==== Data provided

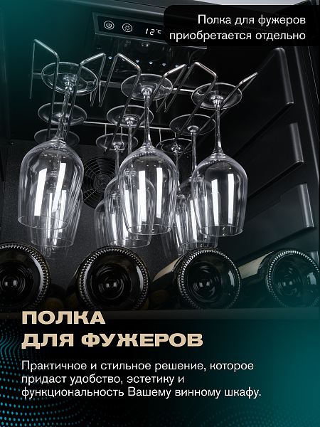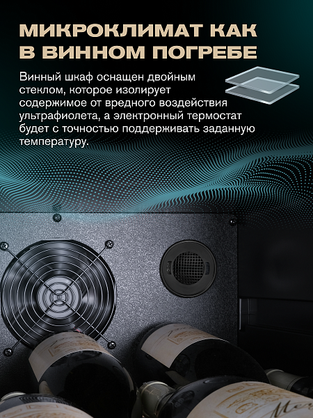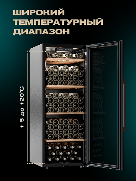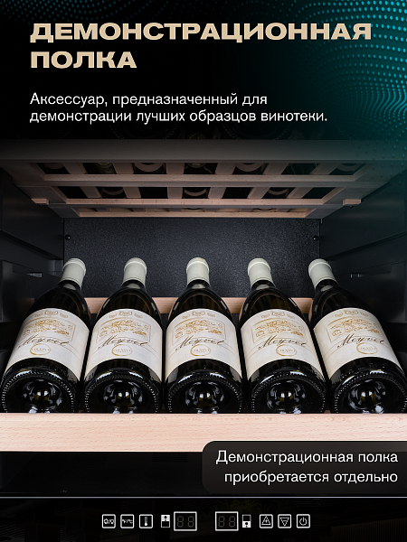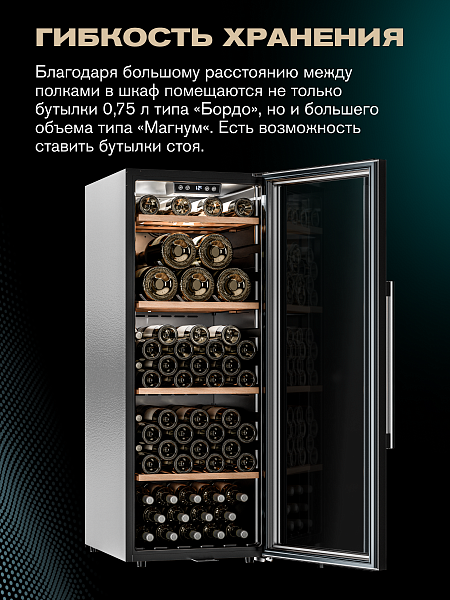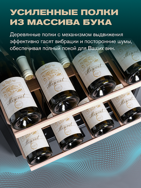 Модель оснащена четырьмя полками из дерева, что не только выглядит стильно, но и способствует правильной циркуляции воздуха внутри шкафа. Дополнительно можно установить до 6 полок, а также приобрести демонстрационную полку и полку для фужеров. Двойное стекло с УФ-фильтром надежно защищает вино от вредного воздействия света, что сохраняет его уникальный вкус и аромат.
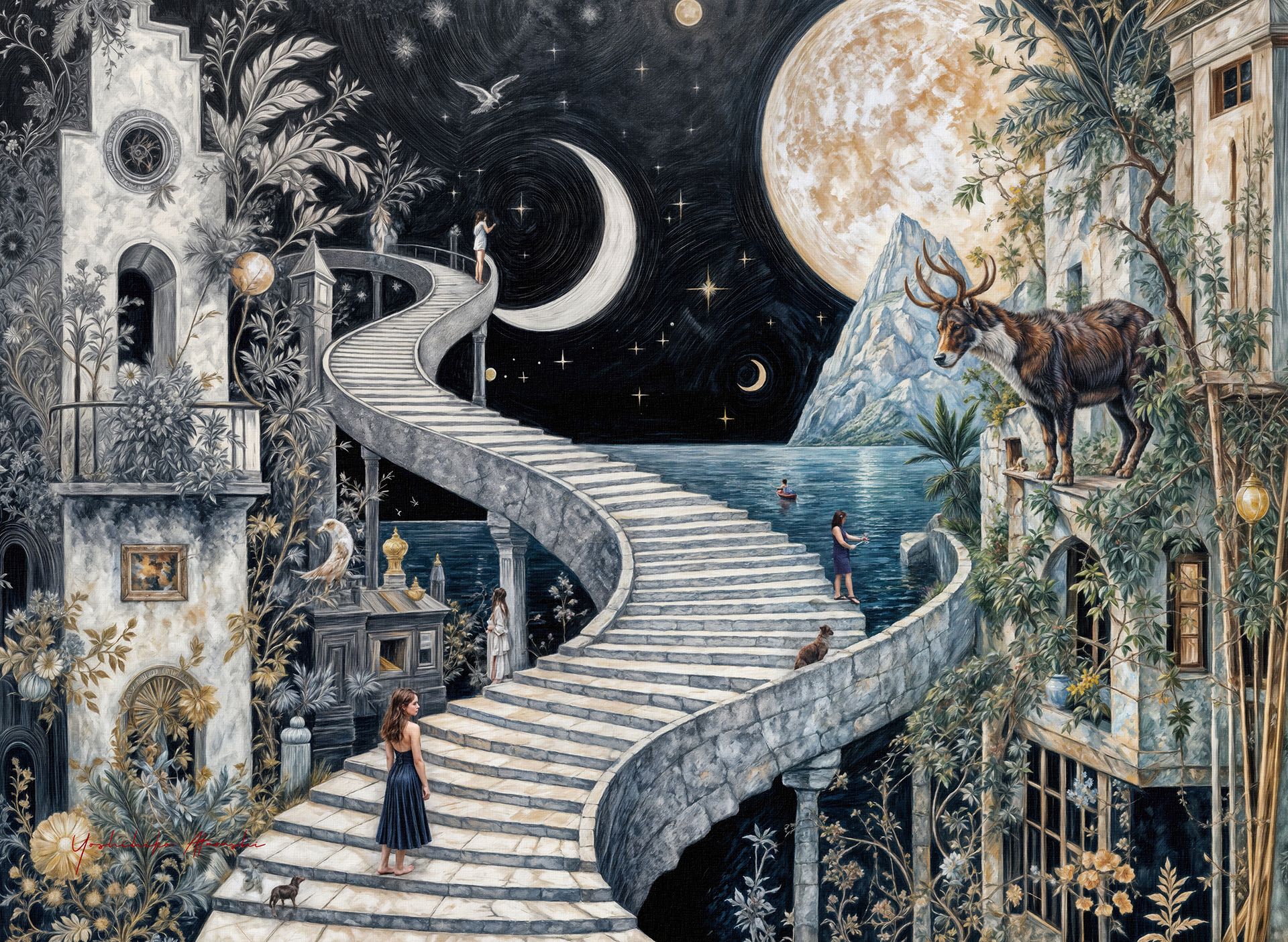 これらの作品「月光の迷宮」は、夢と現実が交錯する幻想的な夜の旅路を描いています。螺旋階段や迷路のような街並み、静謐な月光、そして仮想動物たちの姿は、見る者の無意識と記憶を呼び覚ます象徴です。細密な描写と幻想的構成で、誰しもの心に潜む「帰る場所」への渇望を表現しました。月明かりが照らす道を辿ることで、自らの内面世界と向き合う旅になることを願っています。
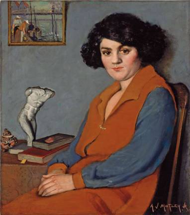 Motley was one of the first black artists to attend the School of the Art Institute of Chicago, where he received a rigorous academic education. He married a white woman, Edith Granzo, a neighborhood friend, in 1924. Two masterful paintings of his wife, “Portrait of Mrs. A.J. Motley, Jr.,” (1930), and “Nude (Portrait of My Wife),” (1930) — one formal, one a more intimate portrayal — are included in the show.
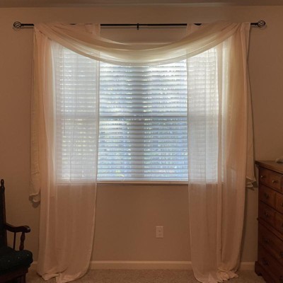 It took me soooo long to find scarf drapes that are not wide yet long enough to go into my bedrooms large built in bench window. They are sheer but not as soft which is fine for what I used them for:)
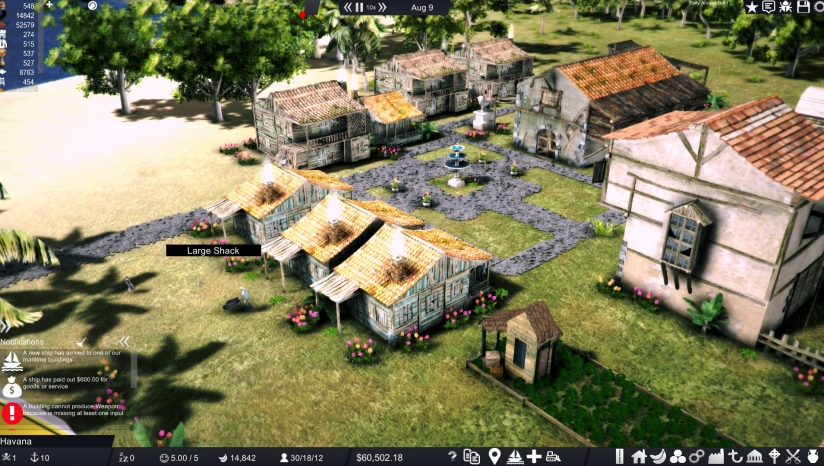 25人《糖厂(SugarMill)》是一款沙盒村庄建造类模拟经营游戏。在游戏中玩家从几个家庭开始,您将设法生存并繁荣发展。您可以建立一个港口来进出口货物。但是,有一个名为“港口信誉”的指标,该指标决定了船只访问您港口的频率。另外,海盗也就在附近,如果“海盗威胁”指标太高,您将输掉游戏。

========

§ Problem description: Every record, word for word, should be given back without its pictures.

§ Task response:
 Модель оснащена четырьмя полками из дерева, что не только выглядит стильно, но и способствует правильной циркуляции воздуха внутри шкафа. Дополнительно можно установить до 6 полок, а также приобрести демонстрационную полку и полку для фужеров. Двойное стекло с УФ-фильтром надежно защищает вино от вредного воздействия света, что сохраняет его уникальный вкус и аромат.
 これらの作品「月光の迷宮」は、夢と現実が交錯する幻想的な夜の旅路を描いています。螺旋階段や迷路のような街並み、静謐な月光、そして仮想動物たちの姿は、見る者の無意識と記憶を呼び覚ます象徴です。細密な描写と幻想的構成で、誰しもの心に潜む「帰る場所」への渇望を表現しました。月明かりが照らす道を辿ることで、自らの内面世界と向き合う旅になることを願っています。
 Motley was one of the first black artists to attend the School of the Art Institute of Chicago, where he received a rigorous academic education. He married a white woman, Edith Granzo, a neighborhood friend, in 1924. Two masterful paintings of his wife, “Portrait of Mrs. A.J. Motley, Jr.,” (1930), and “Nude (Portrait of My Wife),” (1930) — one formal, one a more intimate portrayal — are included in the show.
 It took me soooo long to find scarf drapes that are not wide yet long enough to go into my bedrooms large built in bench window. They are sheer but not as soft which is fine for what I used them for:)
 25人《糖厂(SugarMill)》是一款沙盒村庄建造类模拟经营游戏。在游戏中玩家从几个家庭开始,您将设法生存并繁荣发展。您可以建立一个港口来进出口货物。但是,有一个名为“港口信誉”的指标,该指标决定了船只访问您港口的频率。另外,海盗也就在附近,如果“海盗威胁”指标太高,您将输掉游戏。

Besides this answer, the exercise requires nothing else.